### Material for this exercise
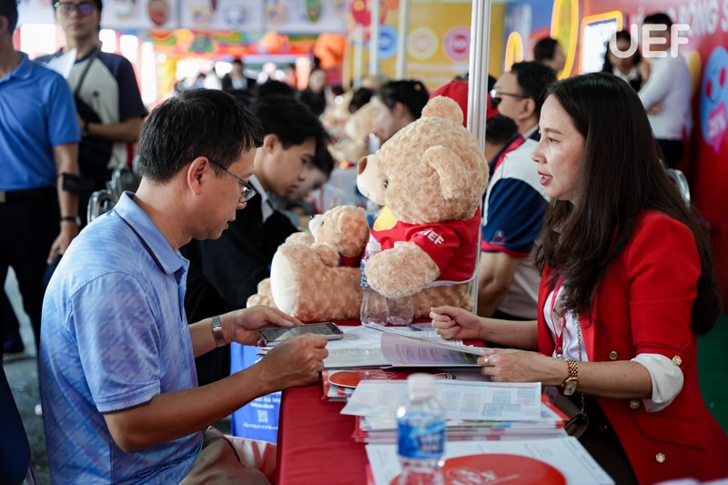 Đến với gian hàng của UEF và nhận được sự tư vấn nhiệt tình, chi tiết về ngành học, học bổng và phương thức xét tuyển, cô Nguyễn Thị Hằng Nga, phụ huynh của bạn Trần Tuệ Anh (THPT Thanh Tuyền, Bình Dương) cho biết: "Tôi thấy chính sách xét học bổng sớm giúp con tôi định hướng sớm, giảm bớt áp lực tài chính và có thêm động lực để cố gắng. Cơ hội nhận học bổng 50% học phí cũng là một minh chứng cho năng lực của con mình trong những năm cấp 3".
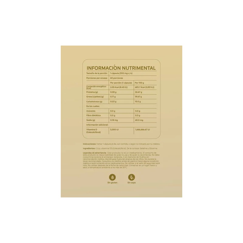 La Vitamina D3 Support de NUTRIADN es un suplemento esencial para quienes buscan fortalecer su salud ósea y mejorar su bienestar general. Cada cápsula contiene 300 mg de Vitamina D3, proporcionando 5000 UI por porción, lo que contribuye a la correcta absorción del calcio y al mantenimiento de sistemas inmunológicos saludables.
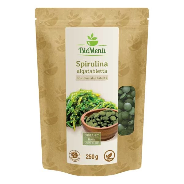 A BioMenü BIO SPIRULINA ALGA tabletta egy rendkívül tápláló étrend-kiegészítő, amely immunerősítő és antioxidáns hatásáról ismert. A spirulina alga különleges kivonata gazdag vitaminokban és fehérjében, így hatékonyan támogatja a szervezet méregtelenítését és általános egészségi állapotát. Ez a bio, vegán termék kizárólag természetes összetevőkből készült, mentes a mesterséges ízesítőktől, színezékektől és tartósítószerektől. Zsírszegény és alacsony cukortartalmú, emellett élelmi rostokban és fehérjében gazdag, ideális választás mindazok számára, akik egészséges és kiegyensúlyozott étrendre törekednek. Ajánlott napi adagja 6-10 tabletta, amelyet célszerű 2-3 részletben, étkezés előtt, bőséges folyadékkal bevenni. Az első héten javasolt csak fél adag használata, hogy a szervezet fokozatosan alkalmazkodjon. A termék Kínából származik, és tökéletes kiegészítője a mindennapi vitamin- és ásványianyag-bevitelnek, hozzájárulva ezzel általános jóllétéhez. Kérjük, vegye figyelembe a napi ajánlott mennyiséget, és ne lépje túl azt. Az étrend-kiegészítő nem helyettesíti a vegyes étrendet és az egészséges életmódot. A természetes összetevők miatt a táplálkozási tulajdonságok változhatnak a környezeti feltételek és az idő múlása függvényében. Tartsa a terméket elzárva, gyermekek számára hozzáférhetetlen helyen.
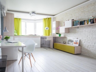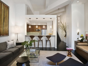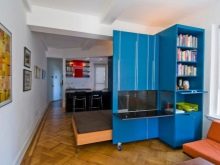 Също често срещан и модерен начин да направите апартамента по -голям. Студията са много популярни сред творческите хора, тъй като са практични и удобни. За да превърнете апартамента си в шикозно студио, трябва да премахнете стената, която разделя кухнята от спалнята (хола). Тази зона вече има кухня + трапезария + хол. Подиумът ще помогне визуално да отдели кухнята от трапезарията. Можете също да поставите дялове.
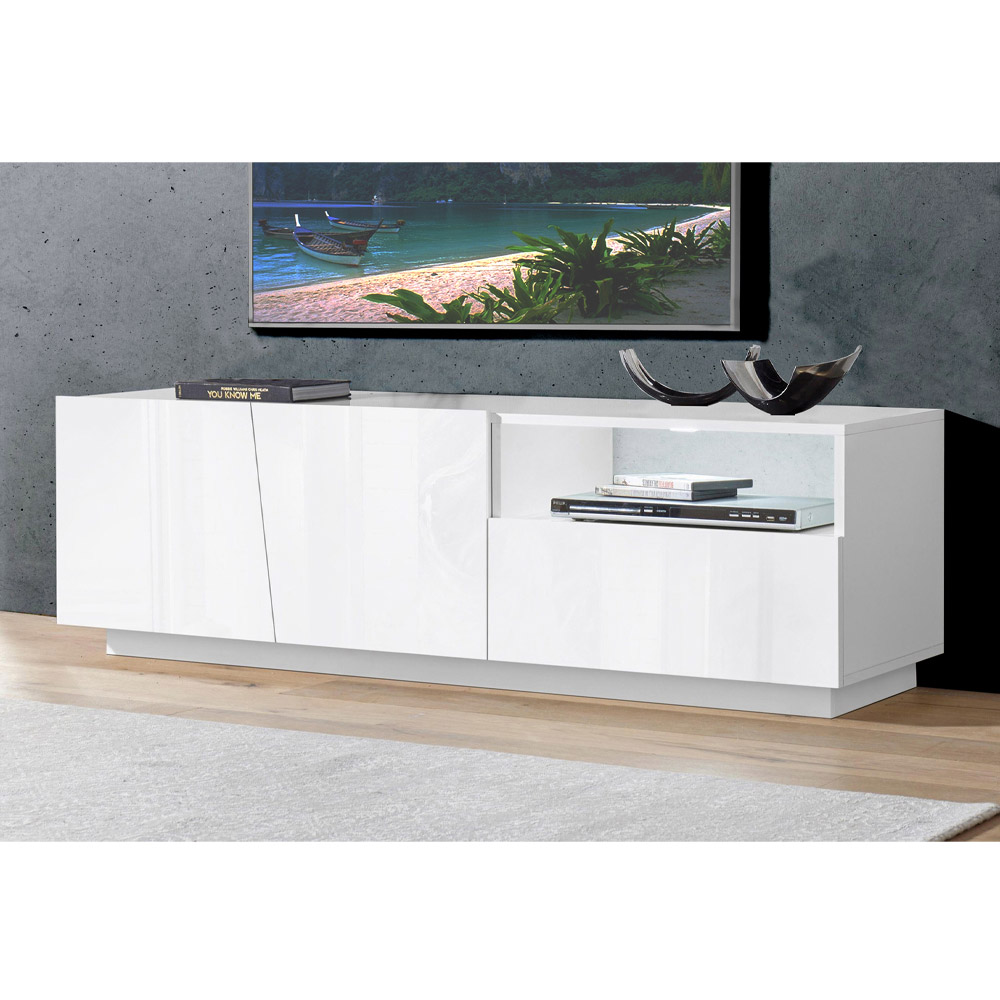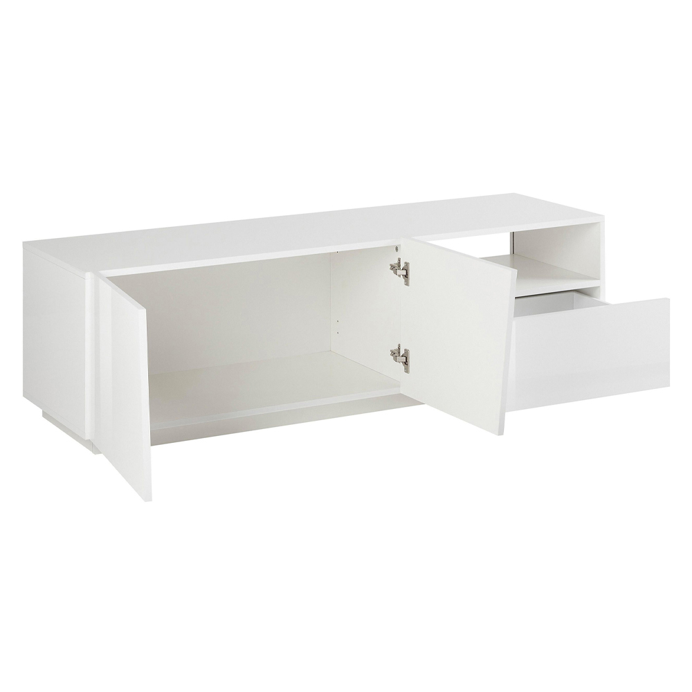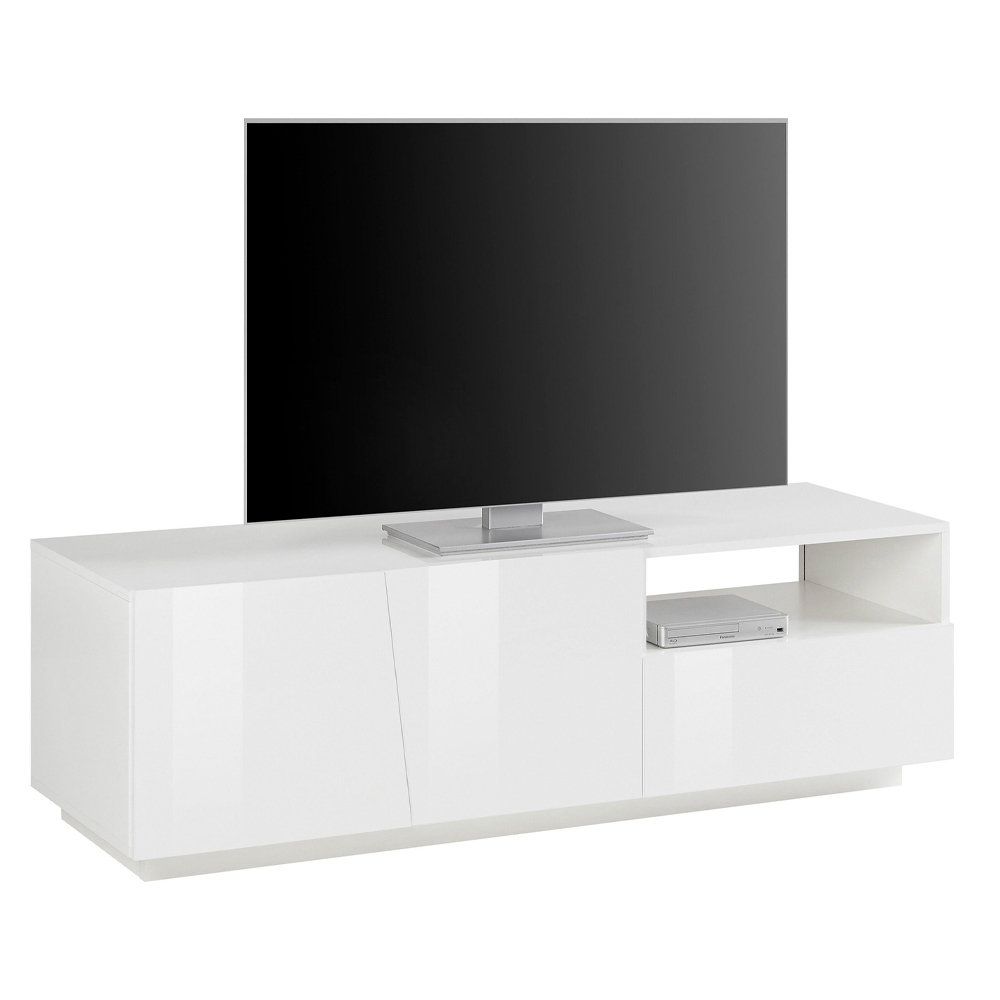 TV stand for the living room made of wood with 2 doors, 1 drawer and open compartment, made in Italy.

==

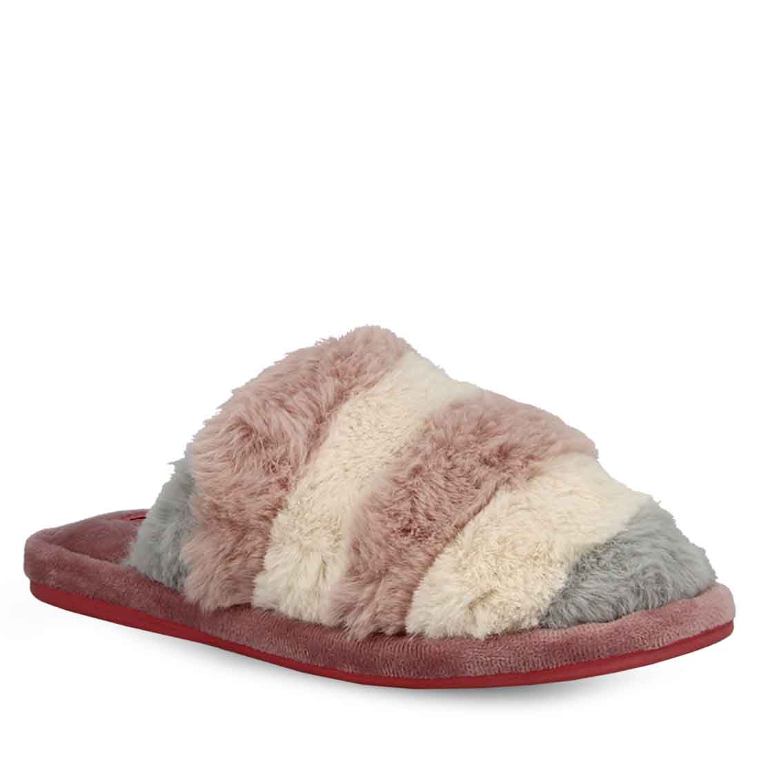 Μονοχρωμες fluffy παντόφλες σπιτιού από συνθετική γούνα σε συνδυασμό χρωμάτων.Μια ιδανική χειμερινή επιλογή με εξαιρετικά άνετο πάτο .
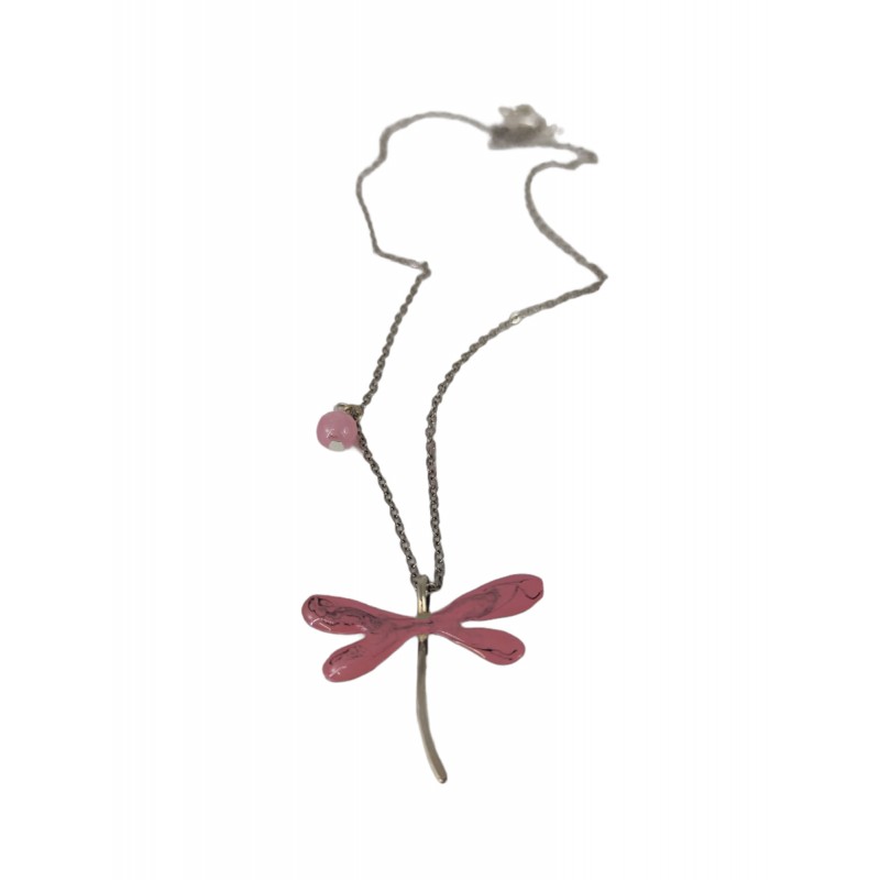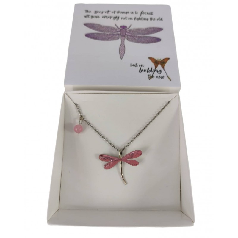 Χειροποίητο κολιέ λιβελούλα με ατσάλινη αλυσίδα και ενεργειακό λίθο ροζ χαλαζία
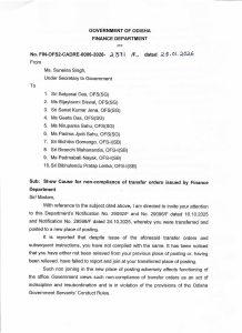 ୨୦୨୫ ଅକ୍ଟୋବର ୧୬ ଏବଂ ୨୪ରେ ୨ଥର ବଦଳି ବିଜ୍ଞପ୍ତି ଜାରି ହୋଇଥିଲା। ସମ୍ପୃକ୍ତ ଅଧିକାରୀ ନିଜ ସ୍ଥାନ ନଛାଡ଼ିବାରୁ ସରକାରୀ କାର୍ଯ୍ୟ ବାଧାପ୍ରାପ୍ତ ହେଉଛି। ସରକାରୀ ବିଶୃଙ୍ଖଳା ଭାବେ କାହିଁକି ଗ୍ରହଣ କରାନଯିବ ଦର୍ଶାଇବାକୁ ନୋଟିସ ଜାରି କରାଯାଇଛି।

### What to produce
Transcribe only the lines above that start at the line containing "Μονοχρωμες fluffy παντόφλες" and end at the line containing "୨୦୨୫ ଅକ୍ଟୋବର ୧୬". Omit pictures.

### Output for this task
 Μονοχρωμες fluffy παντόφλες σπιτιού από συνθετική γούνα σε συνδυασμό χρωμάτων.Μια ιδανική χειμερινή επιλογή με εξαιρετικά άνετο πάτο .
 Χειροποίητο κολιέ λιβελούλα με ατσάλινη αλυσίδα και ενεργειακό λίθο ροζ χαλαζία
 ୨୦୨୫ ଅକ୍ଟୋବର ୧୬ ଏବଂ ୨୪ରେ ୨ଥର ବଦଳି ବିଜ୍ଞପ୍ତି ଜାରି ହୋଇଥିଲା। ସମ୍ପୃକ୍ତ ଅଧିକାରୀ ନିଜ ସ୍ଥାନ ନଛାଡ଼ିବାରୁ ସରକାରୀ କାର୍ଯ୍ୟ ବାଧାପ୍ରାପ୍ତ ହେଉଛି। ସରକାରୀ ବିଶୃଙ୍ଖଳା ଭାବେ କାହିଁକି ଗ୍ରହଣ କରାନଯିବ ଦର୍ଶାଇବାକୁ ନୋଟିସ ଜାରି କରାଯାଇଛି।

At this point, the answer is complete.